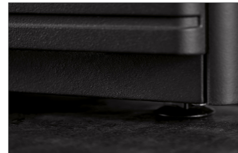
Adjustable legs for perfect levelling.
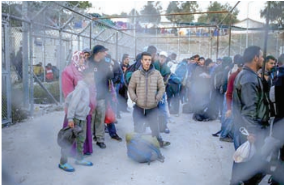
Refugees and migrants wait to be registered at the Moria refugee camp on the Greek island of Lesbos, on 5 November 2015.

At around the same time, Balkan countries along the land route north closed their borders, so that migrants who once poured
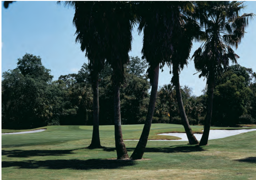
Palms and oak trees surround the green on the Par 5, 558 yard, 13th hole.

Jensen Beach, Florida 772-692-1221 cell: 772-215-1819
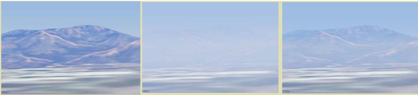
Simulated visibility results: San Gabriel mountains of the South Coast air quality basin (Los Angeles) from seven km for a clear day, polluted day, and polluted day with emissions controls

"The system has been very reliable and productive since we put it together in the fall of 1999," he says, adding that even though he has no formal computer science education, he learned how to construct such computer systems while doing his Ph.D. research in Environmental Engineering Science at the California Institute of Technology.
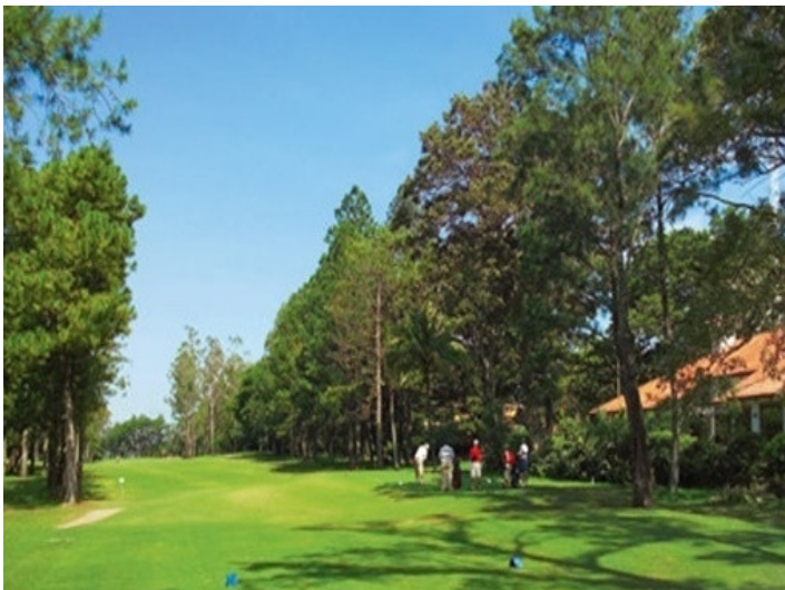
Golf Court within the community area
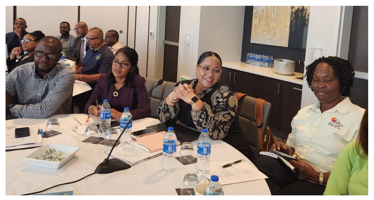
A cross-section of workshop participants
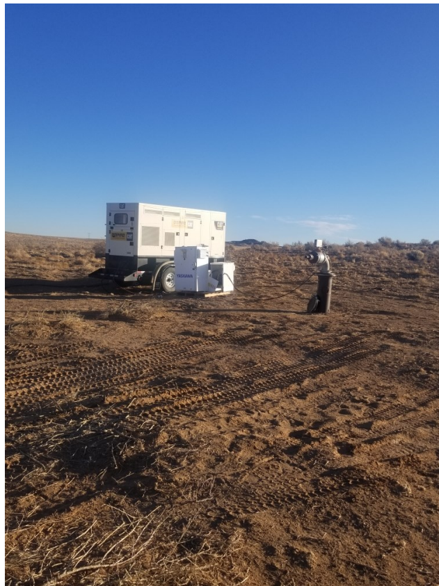
HAMP Well #2
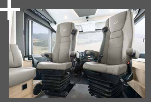
Travel first class thanks to shockabsorbing hydraulic seats with a heated and ventilated seat surface (option)
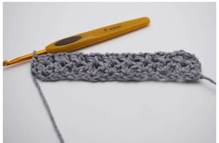
12. Repeat this row until your blanket reaches the desired size or to a total of 112 rows.
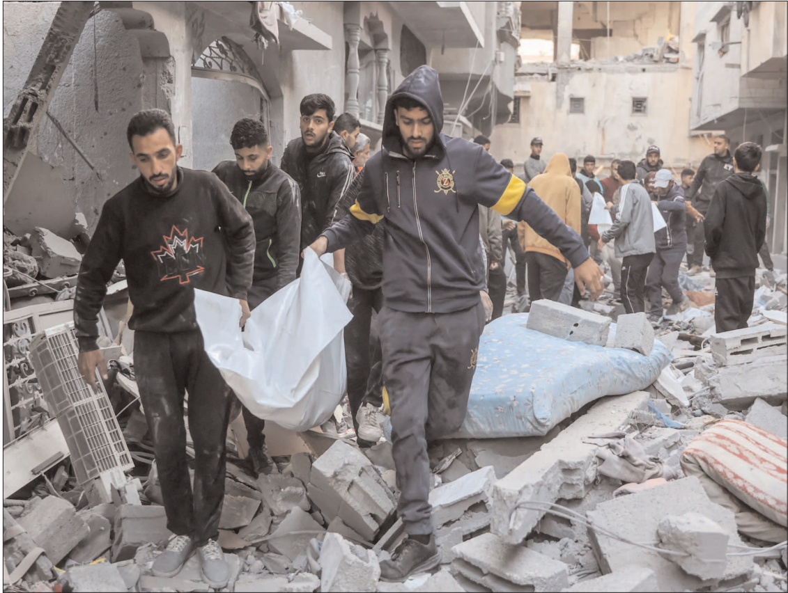
GAZA STRIP: Palestinian men carrying body of a victim of an Israeli strike in Daraj neighbourhood.
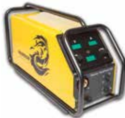
Warrior YardFeed 200
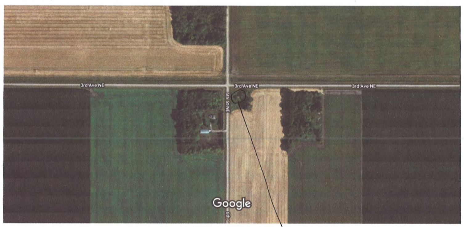
Imagery ©2019 Google, Map data ©2019 Google 200 ft
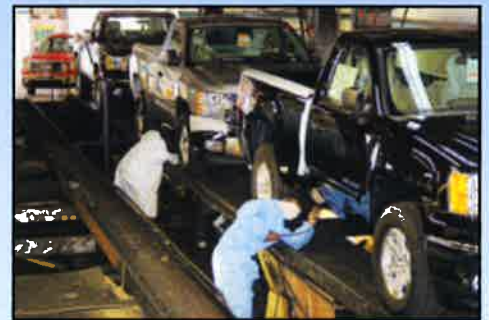
ISO 9001 certified vehicle processor
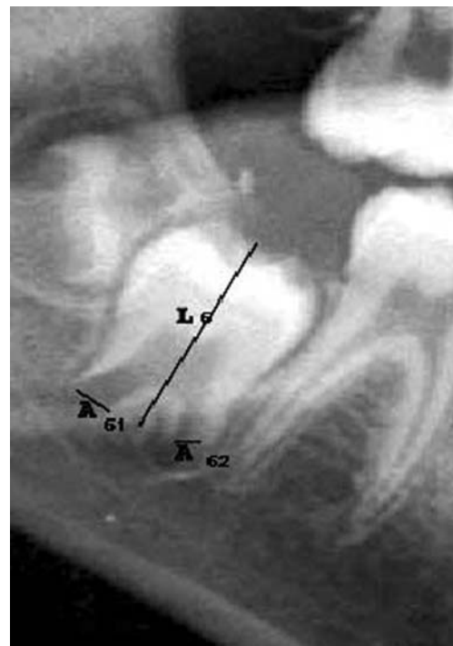
Fig. 2 An example of measurement of a tooth with two roots. A_6 is the sum of the distances ( A_6 = A_{61} + A_{62} ) between the inner sides of the two open apices, and L_6 is the length of the second molar
* * *
• [Task objective]: From the listing above, repeat only the lines between the line containing "A cross-section of workshop participants" and the line containing "ISO 9001 certified vehicle processor", those two included. Pictures are not part of the copy.

• [Exercise solution]:
A cross-section of workshop participants
HAMP Well #2
Travel first class thanks to shockabsorbing hydraulic seats with a heated and ventilated seat surface (option)
12. Repeat this row until your blanket reaches the desired size or to a total of 112 rows.
GAZA STRIP: Palestinian men carrying body of a victim of an Israeli strike in Daraj neighbourhood.
Warrior YardFeed 200
Imagery ©2019 Google, Map data ©2019 Google 200 ft
ISO 9001 certified vehicle processor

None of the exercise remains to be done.